Today the federal Government Accountability Office (GAO) finally published its exhaustive report on the FBI’s face recognition capabilities. The takeaway: FBI has access to hundreds of millions more photos than we ever thought. And the Bureau has been hiding this fact from the public—in flagrant violation of federal law and agency policy—for years.

According to the GAO Report, FBI’s Facial Analysis, Comparison, and Evaluation (FACE) Services unit not only has access to FBI’s Next Generation Identification (NGI) face recognition database of nearly 30 million civil and criminal mug shot photos, it also has access to the State Department’s Visa and Passport databases, the Defense Department’s biometric database, and the drivers license databases of at least 16 states. Totaling 411.9 million images, this is an unprecedented number of photographs, most of which are of Americans and foreigners who have committed no crimes.

I understand and share the concern over the FBI’s database of 411.9 million images from identification sources, but let’s be realistic about the FBI’s share of all the image data.

Not an exhaustive list but:

Facebook alone is equaling the FBI photo count every 1.3 days.

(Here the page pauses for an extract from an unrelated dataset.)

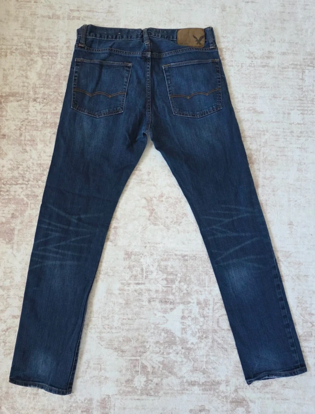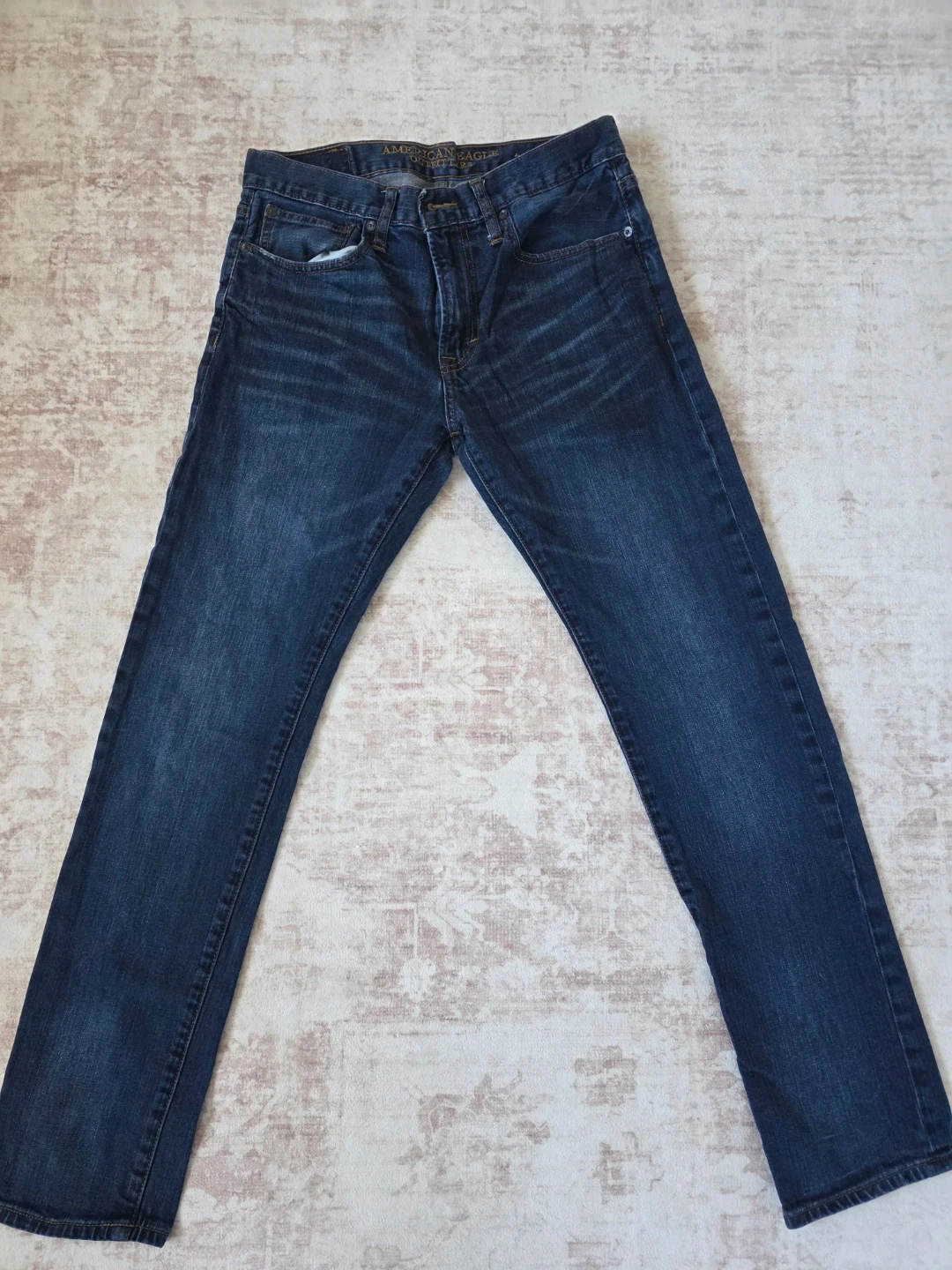 These are American Eagle Outfitters slim fit blue jeans. They're made from denim. The jeans have a classic five-pocket design.

Moreover, Facebook data is tied to both Facebook and very likely, other social media data, unlike my driver’s license.

Instagram takes a little over 5 days to exceed the FBI image count. but like the little engine that could, it keeps trying.

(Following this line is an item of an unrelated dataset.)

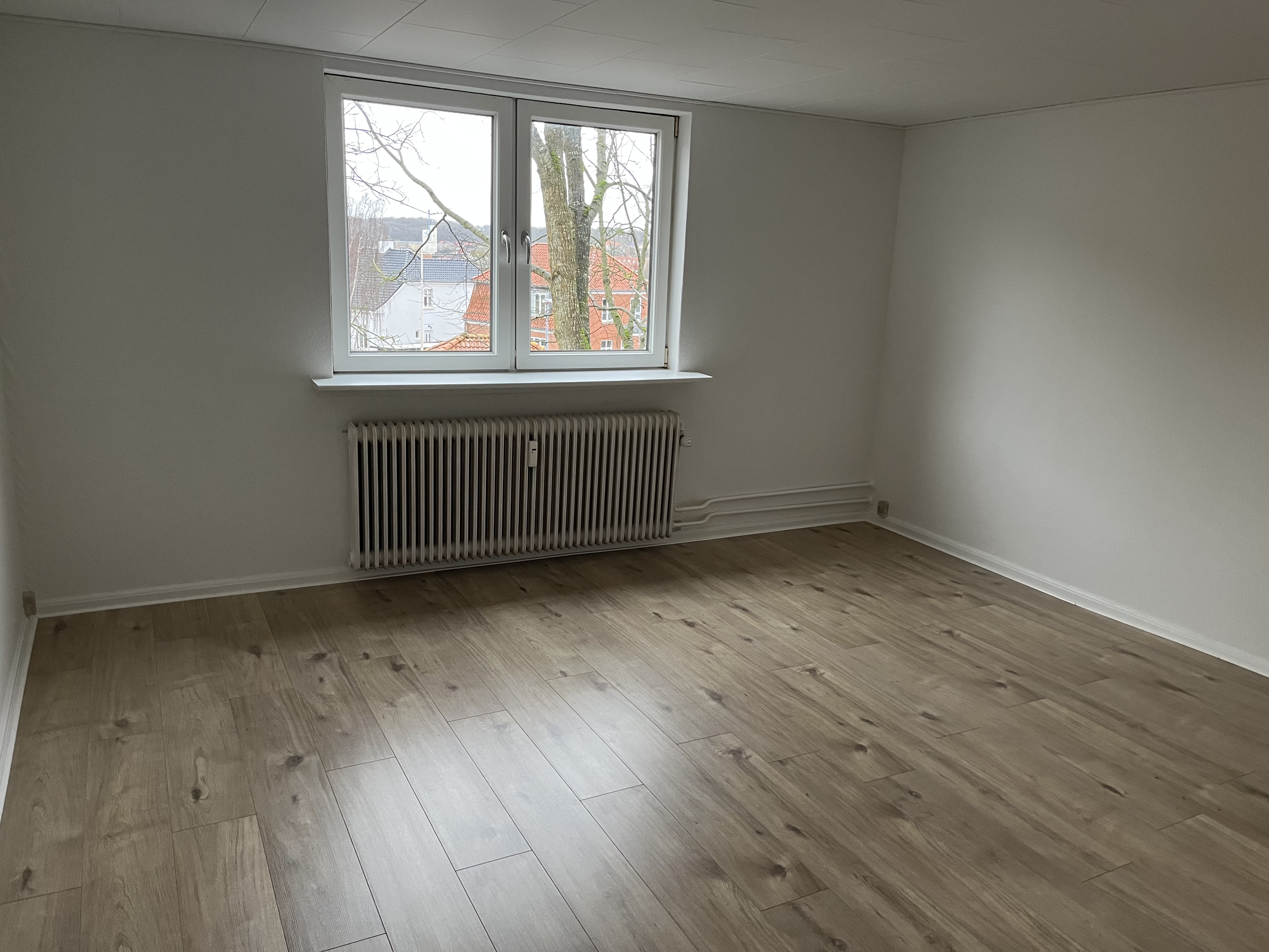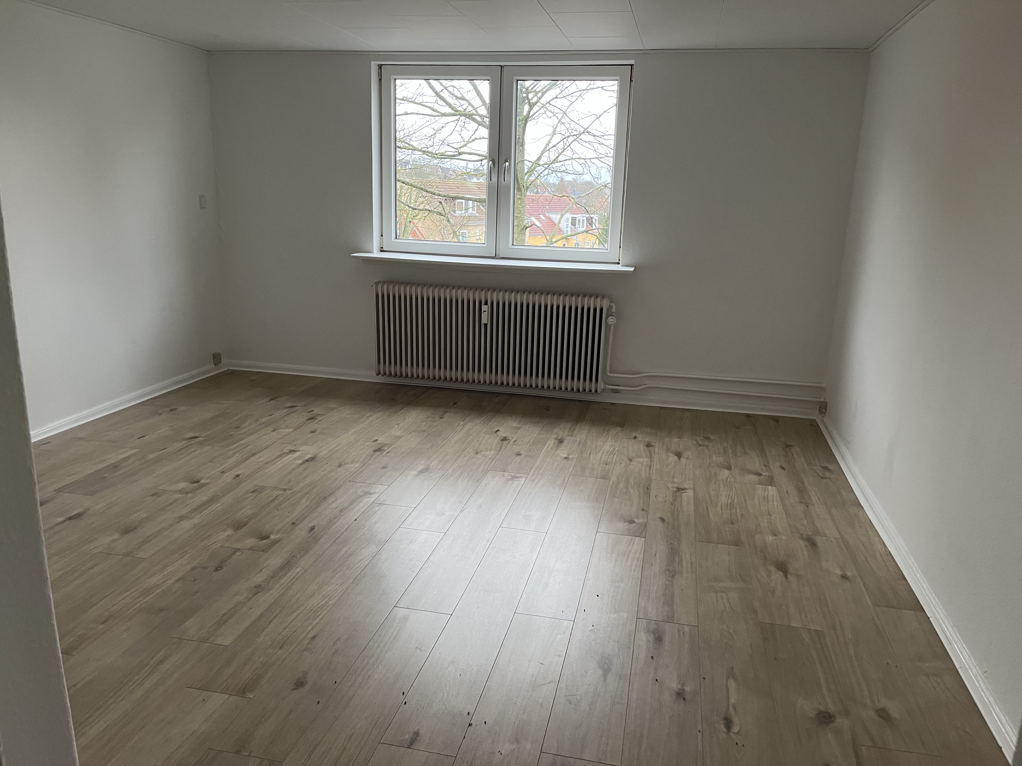 Lejligheden består af 2 værelser, en stue, køkken og bad.

I’m not sure how to count YouTube’s 300 hours of video every minute.

No reliable counts are available for porn images, which streamed from Pornhub in 2015, accounted for 1,892 petabytes of data.

The Pornhub data stream includes a lot of duplication but finding non-religious and reliable stats on porn is difficult. Try searching for statistics on porn images. Speculation, guesses, etc.

Based on those figures, it’s fair to say the number of images available to the FBI is somewhere North of 100 billion and growing.

Oh, you think non-public photos off-limits to the FBI?

Hmmm, so is lying to federal judges, or so they say.

The FBI may say they are following safeguards, etc., but once a agency develops a culture of lying “in the public’s interest,” why would you ever believe them?

If you believe the FBI now, shouldn’t you say: Shame on me?